Upper panel: inhibition of
Ca2+-ionomycin-induced prothrombinase activity in
control erythrocytes by compound R5421. Cells were incubated with
increasing concentrations of R5421 for 10 minutes, followed by
ionomycin (5 µmol/L) in the presence of Ca2+ (1 mmol/L)

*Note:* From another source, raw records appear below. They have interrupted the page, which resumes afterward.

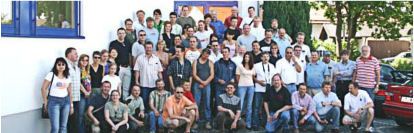
The ALPINA Club is a big family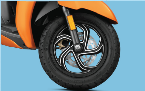
DIAMOND-CUT ALLOY WHEELS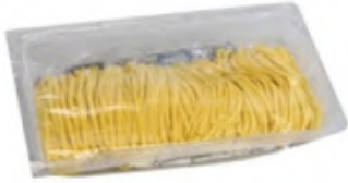
7441495 Mama Mucci's Linguine Egg Pasta

Hungry for something new? Check out the most recent products we've proudly added to our specialty food offerings.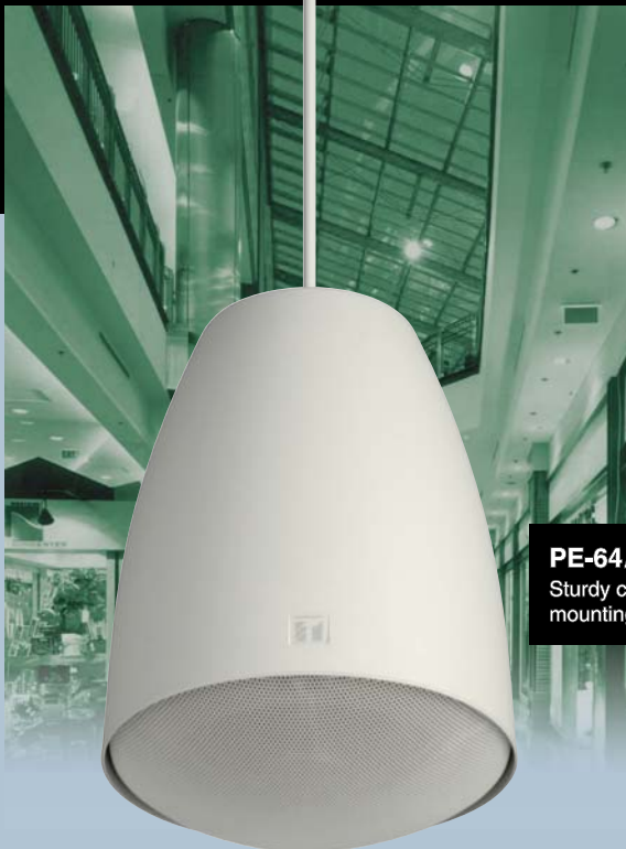
PE-64/304 Pendant Speaker

Supplied brackets ensure flexible speaker direction changes.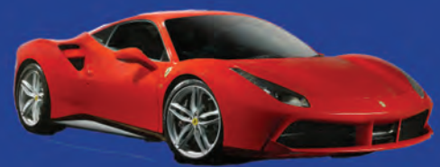
2020 FERRARI 488 $455,000

Woodside Payment 1 : $1,278 Standard Bank 2 : $2,560 Yearly Savings: $11,604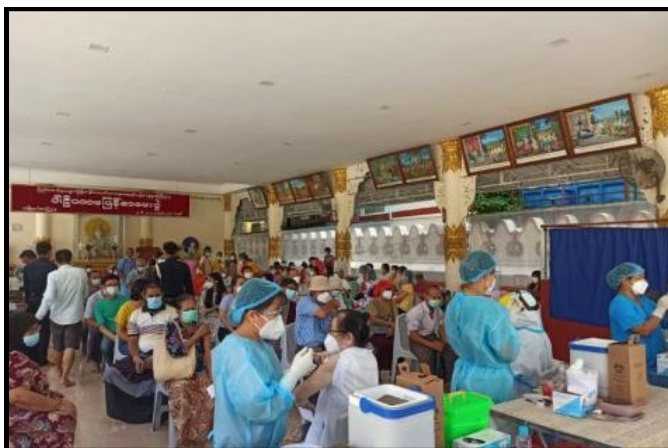
Local ethnic people vaccinated against COVID-19 in Mongset township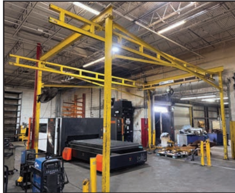
SPANCO 1 TON FREE STANDING CRANE SYSTEM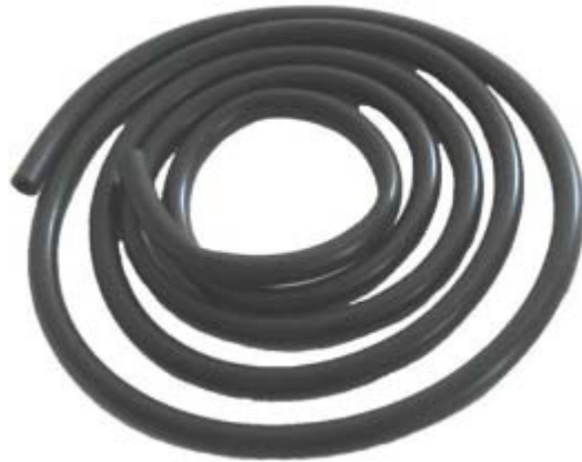
Tube Di-0050 Tube, 10' long, black, 5/8 OD, 3/8 ID 10,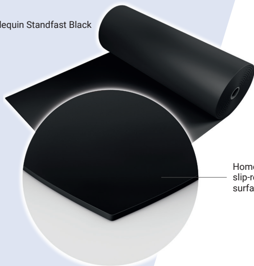
Harlequin Standfast Black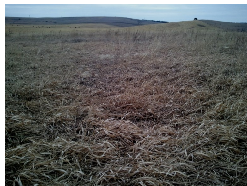
This field of smooth brome field that was hayed in August and chemically treated following the first hard freeze in October.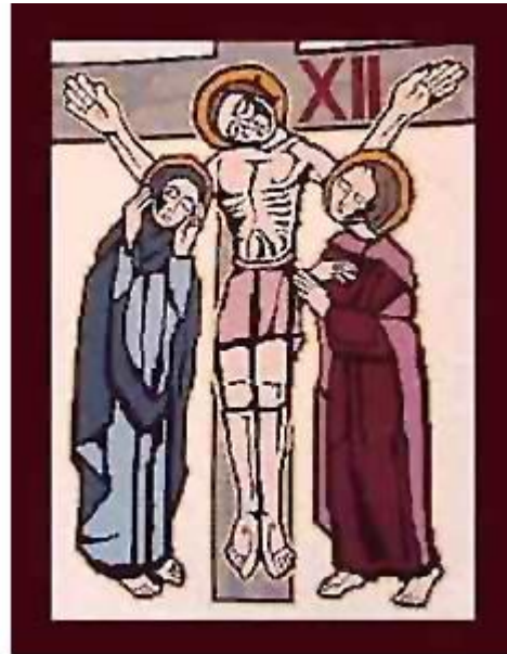
Jesus dies on the cross.

If you can think of a time like that, then show Jesus your heart, and let him love you. When you are ready, you can ask Jesus to help your heart be more like his heart.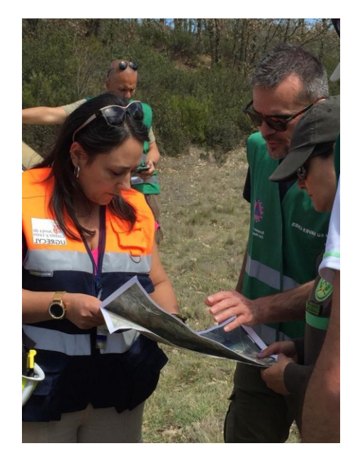
Field activities at EUMODEXLEON22

From 9 to 12 May, EUMODEXLEON22<sup>4</sup>, an international field exercise focusing on forest fires, took place in the Autonomous Region of Castilla y León and represented another valuable opportunity to share the expected results of PROCULTHER-NET as well as to test operational procedures for the safeguard of cultural heritage in emergency.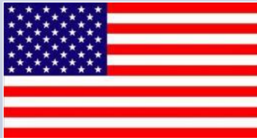
All 50 United States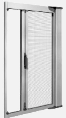
Pleated Single Mesh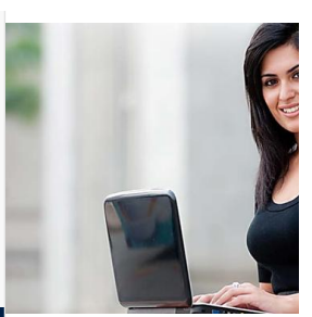
48% plus salary hike after our PG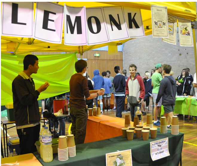
Business sustainability statement (right) for the Lemonk enterprise stand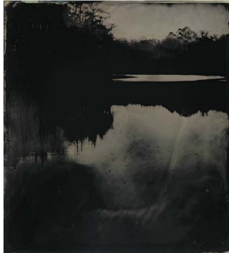
“Blackwater 17,” 2008-2012.

always seen, but not seen, black men on the fringes of white life, mowing, tending bar, or waiting for work in the shade of the big trees at the courthouse.” Who were these men on the margins? Who were the black people who called her “Miss” and her brothers “Master”? To hear these words—the language of subservience, of the supplicant—is to be in an old familiar Southern movie, a black strip of film illuminated by scenes of violence and subjugation: there can only be a master if there is a “nigger.”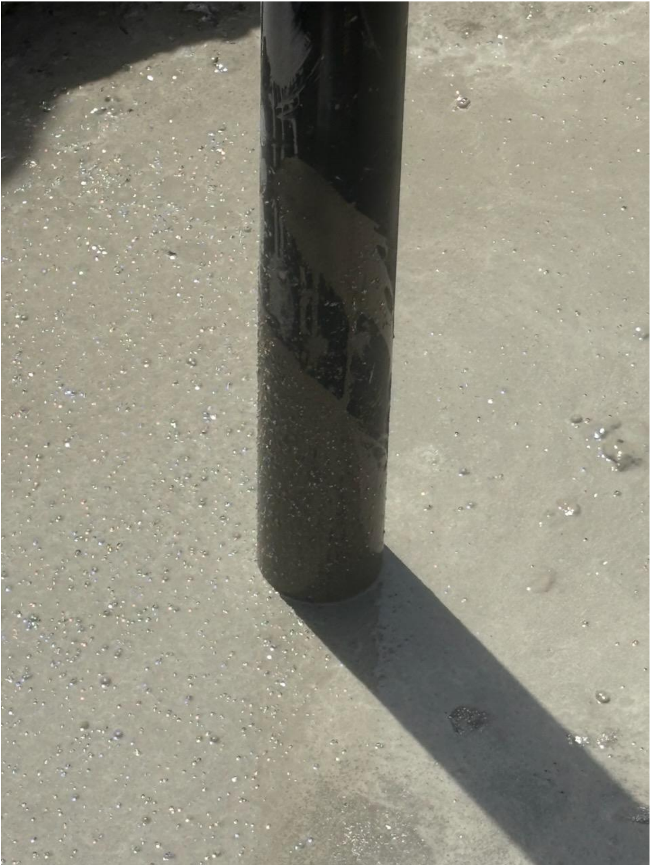
Figure 3: Top Off II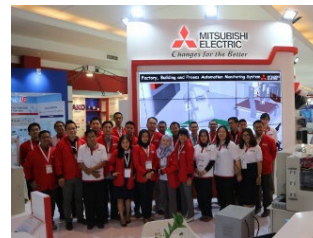
Mitsubishi Electric booth (Indonesia)

In order for Mitsubishi CNCs to be used with peace of mind, we will further bolster our service support in the Indonesian market which is expected to continue growing.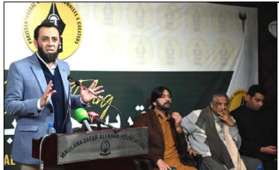
LAHORE: Federal Minister for Information and Broadcasting, Attaullah Tarar addressing during the oath taking ceremony to the Pakistan Federal Union of Columnist and creators (PFUCC) at Maulana Zafar Ali Khan Foundation.

He emphasized the importance of putting the nation's interests first and contributing positively to dialogue and consensus-building.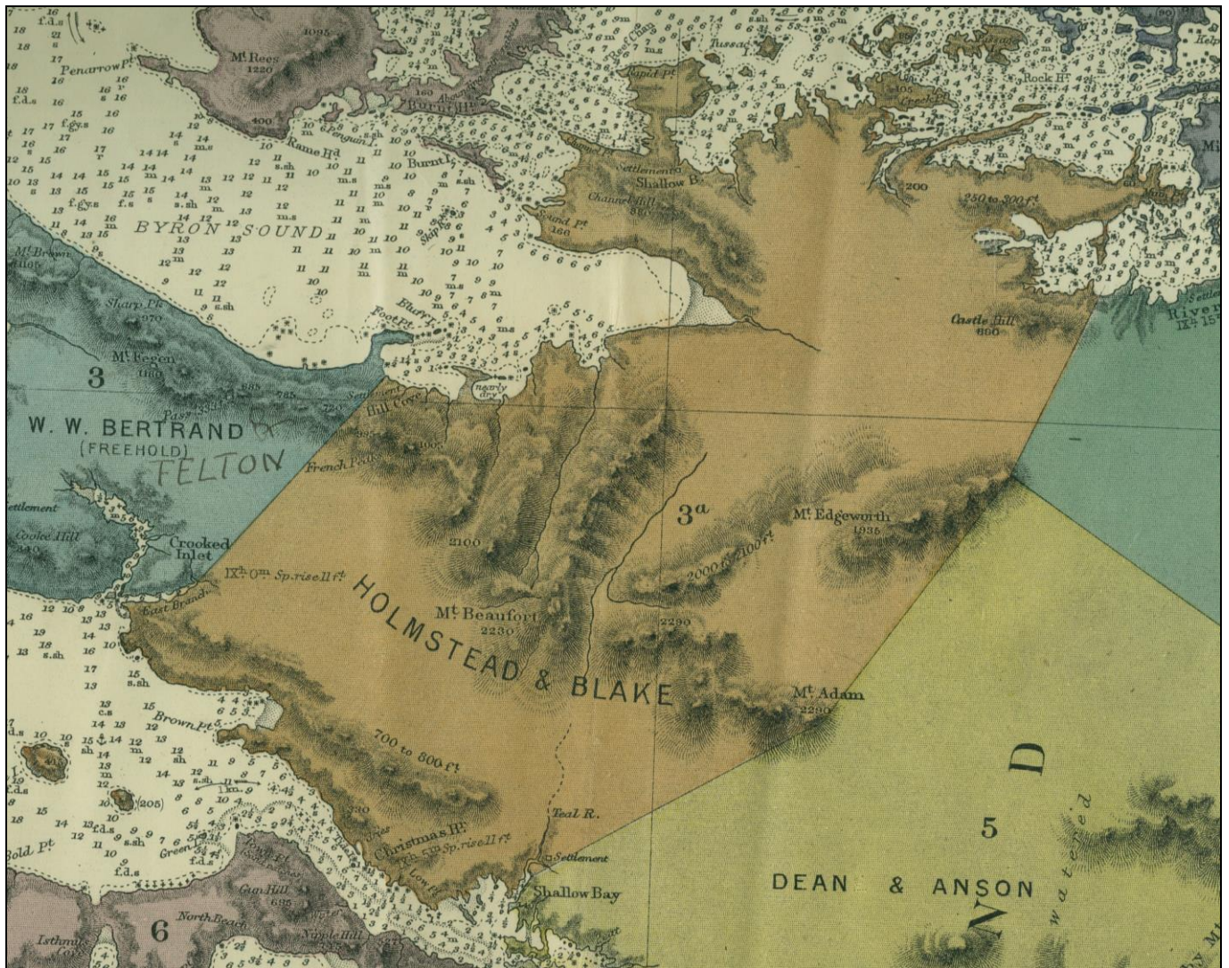
Farm boundaries 1883 – part of Hudson Chart, JCNA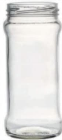
370 ML Olive Jar

Height : 120 MM Cap : 63 MM LUG Packing : 48 Pcs.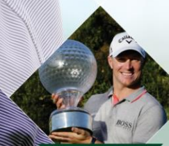
2016 Winner Alexander Noren

Built with multiple tees, the course can be enjoyed by golfers of all levels of skills, but even from the forward tees it remains a challenge. A distinguishing feature of the course is its greens which allow for interesting pin positions on the clover-shaped putting surfaces protected by strategically placed bunkers.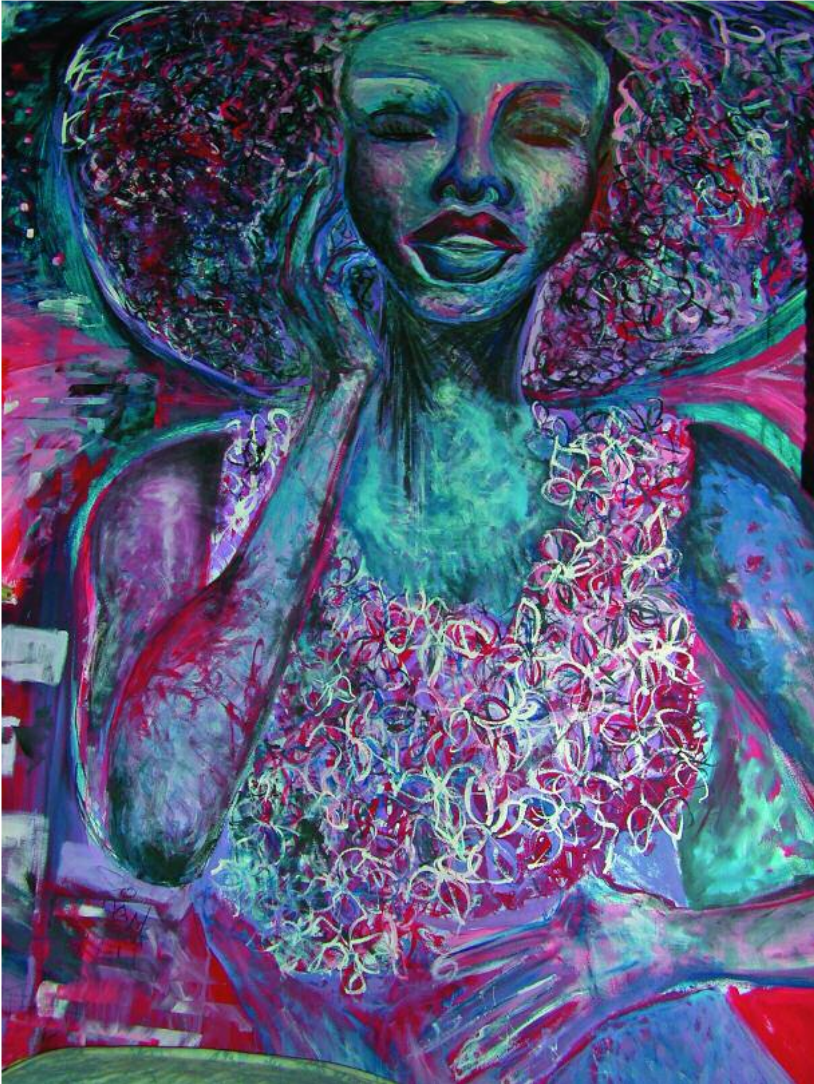
Painting by Mimi Bogale

“Your Local Shop for Scrumptious Food and Sinful Chocolates”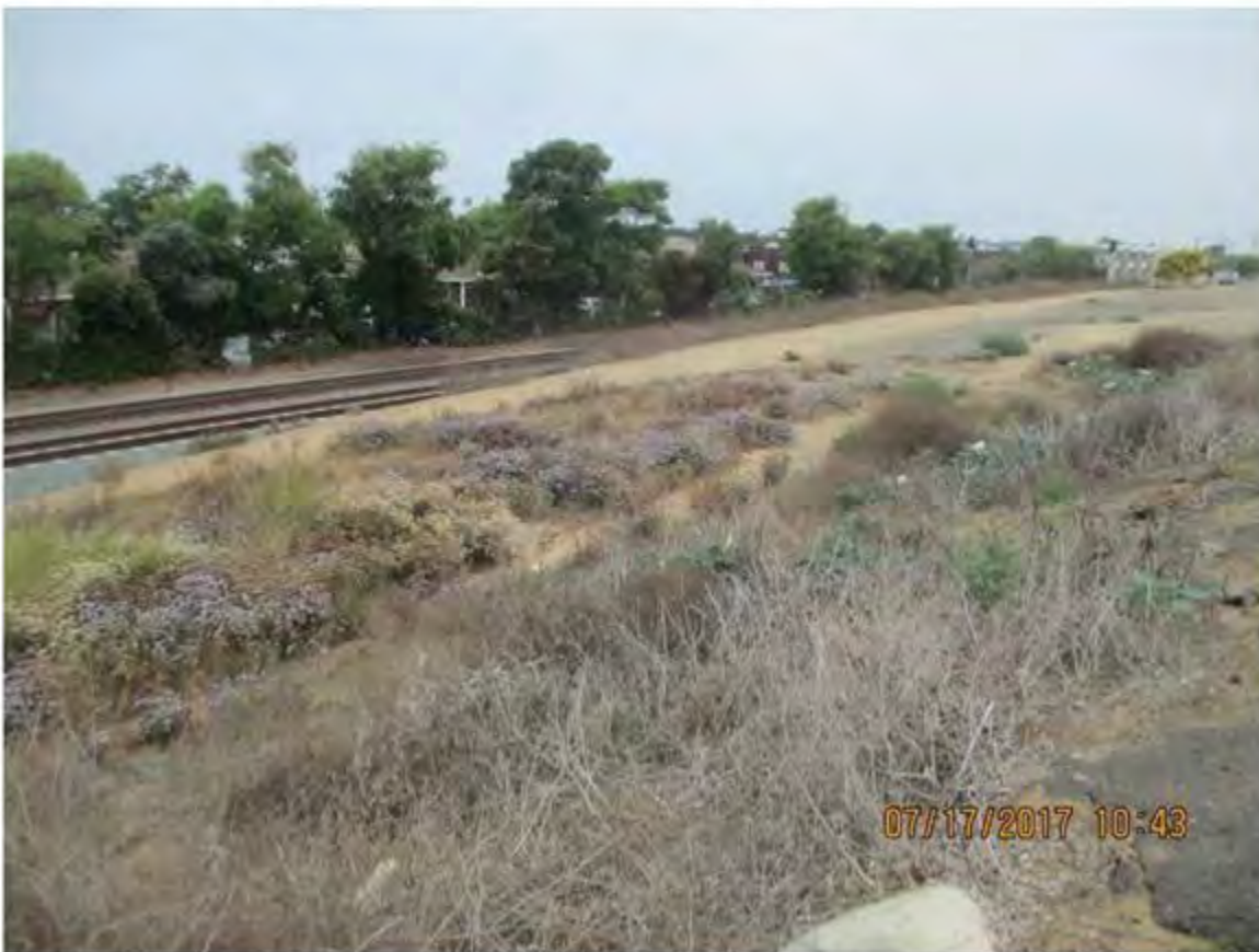
Photo 4. Disturbed habitat, coastal sage scrub, near above areas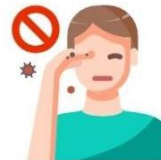
Avoid touching eyes, nose, and mouth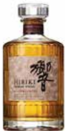
HIBIKI WHISKEY Blended's Choice H-187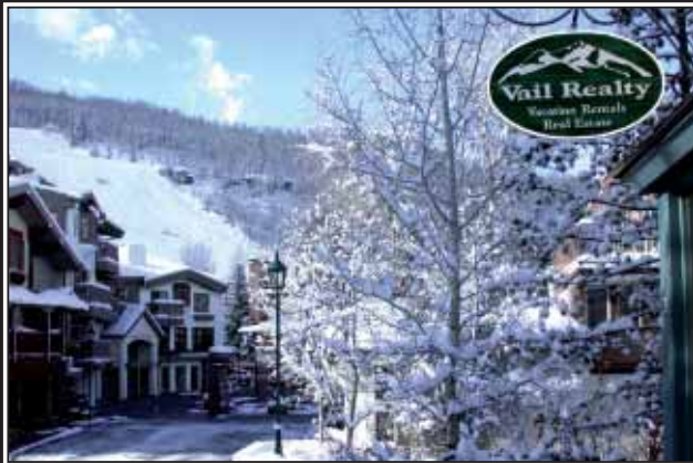
Located in the Heart of Vail Village East of Seibert Circle in the Mill Creek Court Building

Vail Realty is Vail's full-service real estate company, specializing in sales, rental and management of Vail Valley resort properties.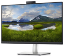
Dell 24 Video Conferencing Monitor - C2423H

Stay in sync on a 24-inch FHD monitor with built-in conferencing essentials, low blue light and an eco-friendly design.

for 60 minutes. Subsequently, samples were analyzed for prothrombinase
activity as described in Materials and Methods. Insert: structural
formula of compound R5421. Lower panel: tyrosine phosphorylation in
control erythrocytes incubated for 15 minutes with
Ca2+-ionomycin in the absence (lane 1) and presence (lane
2) of R5421 (0.1 mmol/L). Lanes 3 to 6 represent phosphorylation
patterns of white ghosts incubated with four different concentrations
of ATP (0.05 mmol/L ATP, lane 3; 0.5 mmol/L ATP, lane 4; 1.0 mmol/L ATP, lane 5; and 2.0 mmol/L ATP, lane 6), all in the presence of R5421
(0.1 mmol/L). Contrary to the incubations with intact cells, the
experiments with ghosts were performed in the absence of
Ca2+ to ensure sufficient levels of phosphorylation (see
text).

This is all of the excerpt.